“Oh, indeed,” said Ada, and added witheringly. “I’m sorry I’m so late.” She was frowning with exasperation, but her expression soon cleared. She leaned forward, earnest as a woman could be, looking fresh and lovely.

Rollison wondered if her earnestness explained why no one had yet married her. More likely she was trying to make sure that no one married her for her millions.

“Rolly, I know Jimmy Jones quite well,” she said. “He’s one of the best of the younger men at the firm, and we’ve been letting him have an insight into all the departments, although he doesn’t know why yet. Reggie thinks he can become really good, if he recovers.”

“He will.”

Will he really be quite all right again?” Ada asked, intently. “Or will it affect him for the rest of his life? I’ve been studying some of the reports of this kind of beating up, and in several cases the victims have become almost simple.”

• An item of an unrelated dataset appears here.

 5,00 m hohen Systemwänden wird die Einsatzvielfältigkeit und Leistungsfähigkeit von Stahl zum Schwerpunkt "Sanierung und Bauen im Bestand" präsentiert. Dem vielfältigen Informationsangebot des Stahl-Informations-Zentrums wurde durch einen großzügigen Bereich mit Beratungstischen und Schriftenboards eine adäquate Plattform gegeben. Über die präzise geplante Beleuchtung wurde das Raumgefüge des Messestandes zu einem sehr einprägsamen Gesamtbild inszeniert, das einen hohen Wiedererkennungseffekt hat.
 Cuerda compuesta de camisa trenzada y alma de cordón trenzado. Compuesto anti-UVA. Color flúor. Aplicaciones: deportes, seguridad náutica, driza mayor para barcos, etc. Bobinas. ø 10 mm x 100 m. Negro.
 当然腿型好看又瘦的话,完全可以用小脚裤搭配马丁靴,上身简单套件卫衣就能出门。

“I don’t think you need worry about Jones,” said Rollison reassuringly. “I’ve a contact at the hospital who says that he’ll recover completely. His chief trouble will be resisting the desire to get his own back.”

“Well, I wouldn’t blame him,” Ada said, and went on abruptly: “Why didn’t you expect Superintendent Grice to find the two men?”

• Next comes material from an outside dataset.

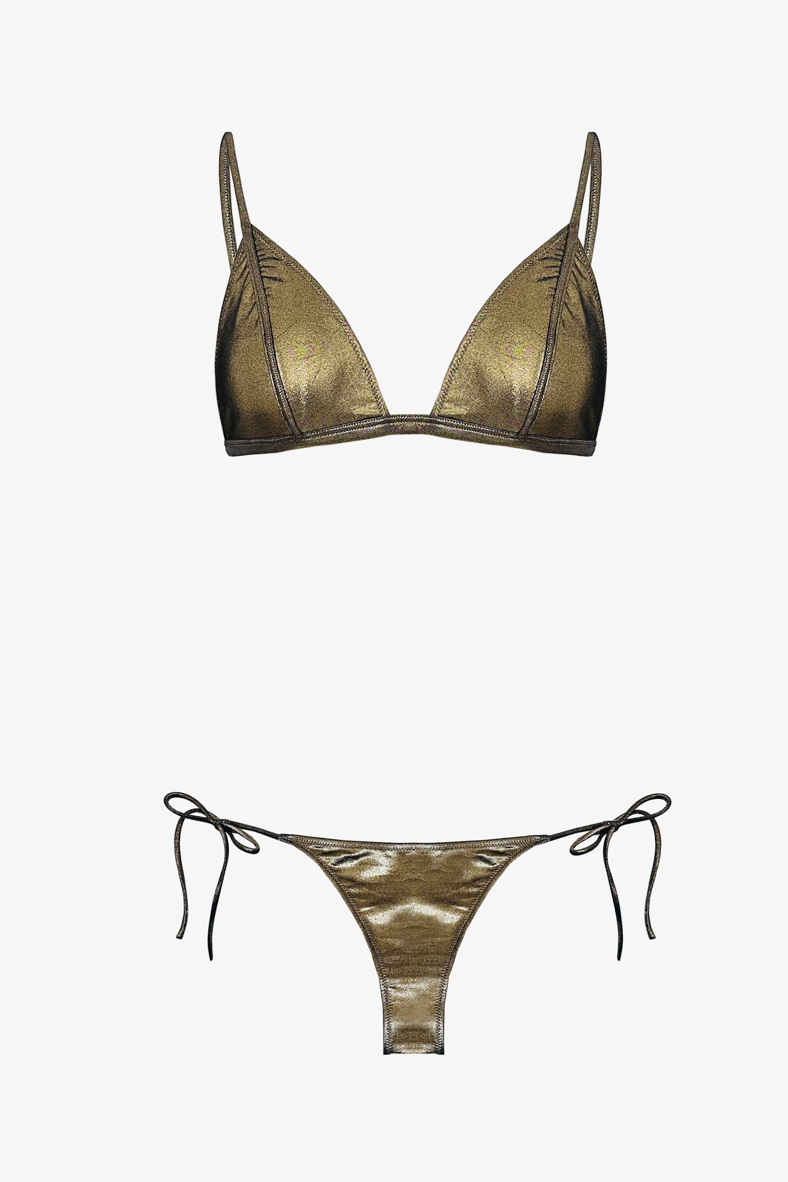 Il bikini metal gold, con top a triangolo fisso e slip sgambato con lacci, è reso unico dalla superficie mossa e dai riflessi metallici del tessuto, che richiamano le sfere di Bosco Sodi dedicate al cosmo e all’energia dell’universo.

It was like Ada Jepson to go straight to the heart of a matter, without hesitation and without fencing, to see the significance of every question or comment; one had to get up very early to fool Ada.

Rollison was as frank as she deserved.

“If this had been an ordinary beating up, robbery with violence, Grice wouldn’t have been called in. You at Jepsons might have pulled some strings at the Yard to get a Superintendent, but Grice was on the job before you’d had time to—probably before you knew what had happened. So it wasn’t ordinary robbery with violence. Nor was it the first of its kind.